Anyway. After we get off Earth and into space where the "Annihilation Wave" is running rampant through the galaxy, taking out Kree and Skrull worlds and anything else in its way, things get interesting.  And, from her on out, it's basically the story of this giant war that rages across the cosmos, bringing with it the destruction of the Nova Corps (except for our local Nova Corps warrior, Wendell Vaughn), the death and rebirth of the super-skrull, the betrayal of and hunting down of Ronan the Accuser by his fellow Kree.

We meet a huge collection of characters throughout these three books, and one of the things that was nice about these books was that the editor chose to include short bios of the main characters in the story, like the Who's Who or Official Handbook of the Marvel Universe entries I read, as a kid.  It helped a lot.

This was a massive story that encompassed 30 issues, and the most impressive thing, for me, is how the creators managed to keep the story moving forward without it feeling as if they were just treading water.  I fully expected to be tuning out by the time I reached the midway point, but I just wanted to keep on pushing through.  I burned through the bulk of the second trade on a single Sunday morning.  It was that captivating for me.  Certainly there were a few slow spots - the aforementioned Drax mini and the Ronan mini-series, which was similarly planet-bound - but for the most part, the writers and artists kept me interested throughout the bulk of the story.

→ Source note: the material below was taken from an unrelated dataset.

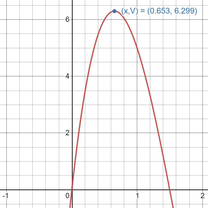 b) A side length of 0.653 inches leads to the maximum volume of the box: 6.299 inches.
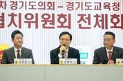 [참좋은뉴스= 기자] 경기도교육청과 경기도의회가 2026년도 본예산 편성 과정에서 총 2,000억 원 규모의 협치 예산을 공동으로 추진하기로 합의하며 교육 협력의 새로운 전기를 열었다. 경기도교육청은 5일 도의회 예담채에서 ‘경기도의회-경기도교육청 제1차 여야정 협치위원회 전체회의’를 개최했다. 이번 회의는 도의회와 교육청이 함께 2026년도 협치 예산 합의문에 서명하며 지속 가능한 교육정책 협력체계를 공고히 하고자 마련됐다. 공동의장 3인은 합의문에 서명하며 교육청과 도의회 간 협치의지를 공식화했다. 합의를 통해 ▲현장 중심 학교운영 ▲교육행정 개선 ▲미래교육 전환 ▲교육환경 개선 ▲맞춤형 교육확대 등 5대 분야 총 2,000억 원 규모 협치 예산을 공동 추진하기로 했다. 임태희 교육감은 인사 말씀을 통해 “여야정 협의가 늘 화두로 떠오르는데 실제로 결실은 많치 않다”며 “이런 점에서 대단히 성숙하고 건강한 도정의 협치 모습을 보이는 현장이라고 생각한다”고 말했다. 이어 “최종적으로 학생과 교육 현장의 학부모, 교직원들을 위해 앞으로 후속 조치를 함께 해주시길 바란다”며

And they did some things that seem obvious, in hindsight, but which are generally out of character for comic stories.  One thing was that, in the timeline they included at the opening of chapters and scenes, they had this war take place over the course of many, many days - hundreds of days.  Typically, due to the nature of serialized comics and the limited space within a single issue, the battles - and even the "wars" - feel as if they take place over the course of only days, or even within a single day.  It seems to be the nature of the beast, but I appreciated the fact that these creators chose to add a bit of realism to this "Annihilation Wave" threat.  It helped to ground things, as well as imbuing the struggle with more tension than one might have if it seemed to be truncated, time-wise.

And secondly, they didn't have any clear cut winner at the end.  This story ended with concessions given on both sides, so that they could end the bloodshed.  It was a smart way to go because, again, it was not the expected way to go.  And, it opened up future storylines for these characters, on both sides, since we all know evil doesn't like to be kept down.

Overall, this was a great introduction to the recent "Marvel Cosmic" books, and I am looking forward to continuing with future trades.